1946 film by Robert Wise

Criminal Court is a 1946 American crime drama film directed by Robert Wise and starring Tom Conway, Martha O'Driscoll and June Clayworth. It was produced and distributed by RKO Pictures.

Wise, who made the movie while under contract to RKO, called it "kind of nothing."

==Plot==
Hotshot lawyer Steve Barnes is a candidate to be district attorney. His girlfriend Georgia Gale has a job singing for nightclub owner Vic Wright, a gangster who works for the mob boss, Marquette.

Steve has film footage of Vic and brother Frankie committing crimes. He rejects a $50,000 bribe made in the form of a campaign donation. Joan, his secretary, spies on Steve for the gangster. She witnesses a struggle for a gun and sees Vic accidentally shot dead.

Georgia is seen leaving the scene and is charged with murder. Marquette will have his stooge Joe West give false testimony to convict her unless Steve plays ball.

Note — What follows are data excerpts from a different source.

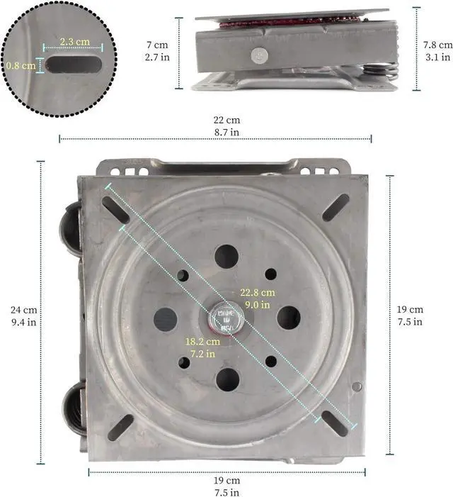 Measures 8 1/4" x 9 3/8" x 3 thick - Mounting holes are rectangular shaped and measure approximately 7 x 23mm, the distance between mounting holes are 5.5 " x 6.25 "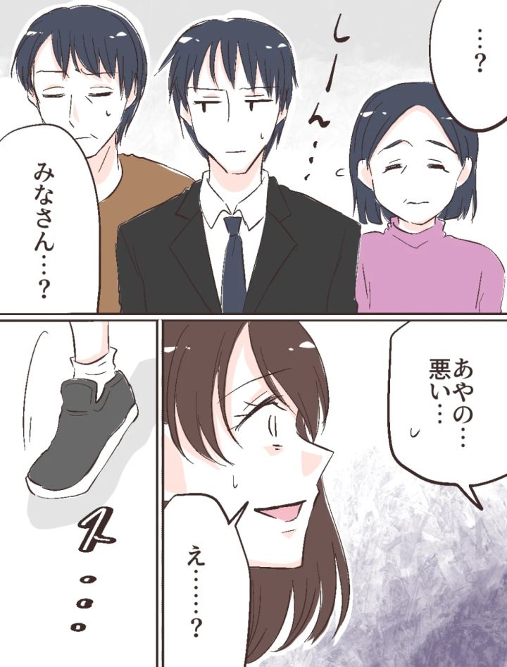 3人は静まり返り、どこか気まずそうな表情を浮かべます。なんだか様子がおかしい。嫌な予感が胸をよぎり、「みなさん・・・?」と恐る恐る声をかけました。すると修吾が申し訳なさそうに視線を落とし、「あやの、悪い」と口を開きます。「え?」と戸惑っていると、私の視界に人影が入り込んできました。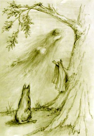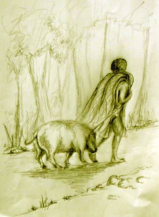 12. From the signs he found, it was Oh! ..so clear As to what had caused her to disappear. And while he continued the search, in vain Thoughts of vengeance, eased his pain. In his mind he devised the plot reversed To kill the predator, that held them cursed. So, without the consent of the elder men He stole a pig, from the village pen And with the largest net, slung across his back He struggled resolute, back down the track. The hapless pig, was soon staked out At the place he'd heard her fearful shout And overhead, the net he strung From the branches there, which overhung And now that the hour was growing late He climbed aloft and began to wait. The leaves whispered in the wind, fireflies twinkled Clouds sheltered the moon and light rain sprinkled The night sounds coaxed his eyelids closed And as the hours slipped by, he quietly dozed. |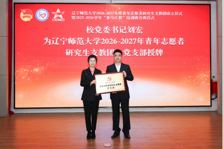 仪式上,校党委副书记徐昭峰宣读了《关于成立辽宁师范大学2026-2027年度青年志愿者研究生支教团的决定》以及《关于成立辽宁师范大学2026-2027年度青年志愿者研究生支教团党支部的决定》并为研究生支教团授旗。随后,校党委书记刘宏为研究生支教团党支部授牌。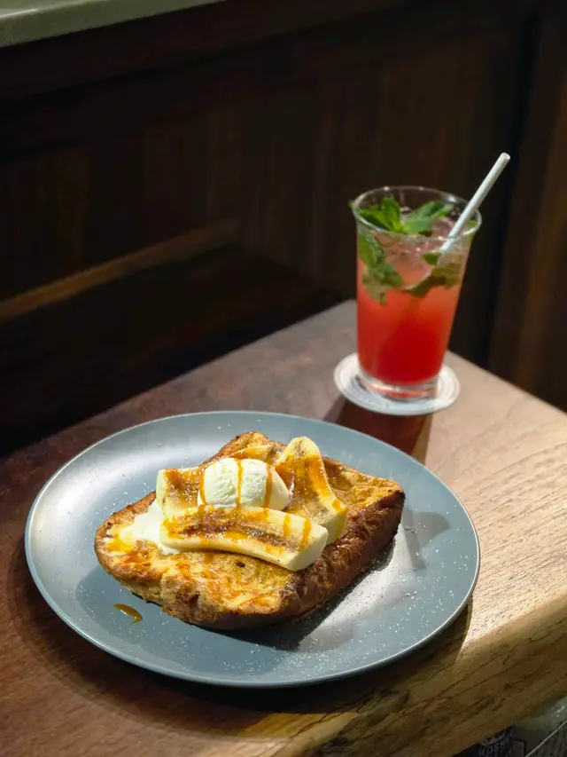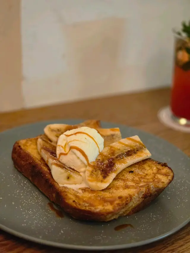 焦糖法式Toast 煎到焦香金黃色搭配海鹽焦糖醬、香脆焦糖香蕉同埋雲尼拿雪糕,一凍一熱既口感,柔軟且蛋香味濃,好好味🥹。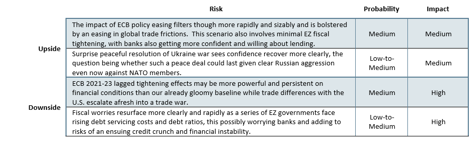· Details of the well-flagged fiscal expansion are still unclear but we feel it may be less sizeable, take longer to exercise and be less broadly spread across the EZ especially given challenging fiscal positions in many EZ economies. A fiscal crisis is not a given but financial conditions may remain tighter for longer than otherwise!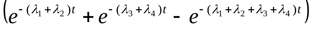 Рс(t)=1-(1-P1(t))(1-P2(t)(1-P3(t))= P1+P2-P1P2+P3-P1P3- P2P3+ P1P2P3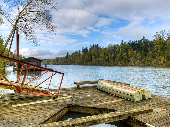 BACK ON MARKET!! 1.28 acres on the Willamette River with a Private Boat Dock/slip and approx. 175' of River Frontage. Surrounded by upscale homes and on a private drive. Doesn't get any better than this along this stretch of the River under 600k!! Mid-Century custom home, Lots of Character, some upgrades and some updating, Brazilian Cherry floors in Master Bedrooms, heated floors in bathrooms, breathtaking showers and tile work, 4x6 rough cut beams with tongue and groove ceiling. Newer roof, windows, skylights, gutters, interior and exterior paint and more. 3 car attached garage and a 6+ car detached shop (44'x36'!!) for the enthusiast or collector. Less than 2 miles from the Boones Ferry Boat launch/ramp/marina and I5. Gated/fenced property (w/exception of the River side). Come take a look this Saturday (4-25) between 1 and 4.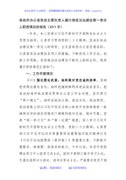县政府办公室党政主要负责人履行推进法治建设第一责任人职责情况的报告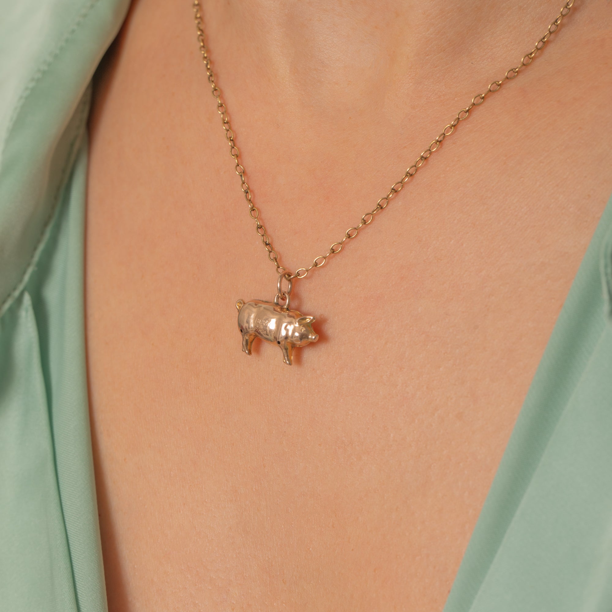 EXCELLENT: Smooth, bright Gold surfaces with a small mark visible on the Gold of the pig, consistent with gentle vintage wear. Detailing remains crisp and the jump ring is secure. A well-preserved, charming piece.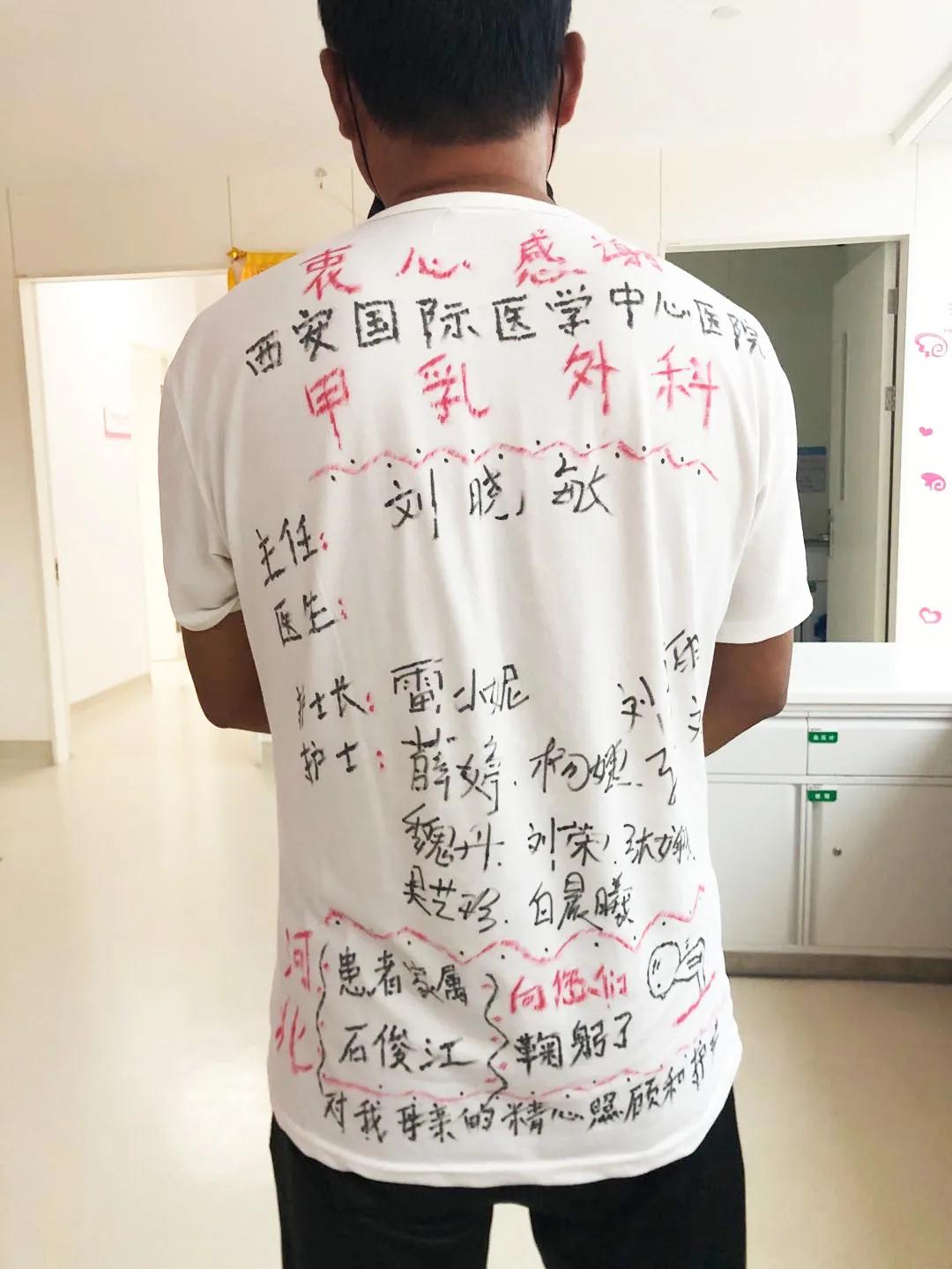 出院前一天,患者家屬想用一種特殊的方式記住醫(yī)生的恩情:“很感謝你們對我母親的照顧,你們在我這件襯衫上簽名,我開車?yán)浀臅r候就穿這件衣服,我走到哪里就念著你們到哪里,宣傳到哪里!我想讓更多人知道西安國際醫(yī)學(xué)中心這家醫(yī)院!這家醫(yī)院不僅就醫(yī)環(huán)境好,醫(yī)護人員的服務(wù)態(tài)度也很棒,我在這里就醫(yī),讓我感覺到前所未有的溫暖,我想讓那些同樣飽受病痛折磨的人早日得到身心解放,他們也能感受到溫暖。”

Steve realizes just in time that Joan is involved and calls her to the stand. West tries to shoot her, but is overcome. Joan tells what really happened and Georgia goes free.

==Cast==
- Tom Conway as Steve Barnes
- Martha O'Driscoll as Georgia Gale
- June Clayworth as Joan Mason
- Robert Armstrong as Vic Wright
- Addison Richards as District Attorney Gordon
- Pat Gleason as Joe West
- Steve Brodie as Frankie Wright
- Robert Warwick as Marquette
- Phil Warren as Bill Brannegan
- Joe Devlin as Brownie
- Lee Bonnell as Gil Lambert
- Robert Clarke as Dance Director

==Production==
Filming took place in March 1946.

==Reception==
Variety called it a "neat courtroom melodrama" with "excellent pace".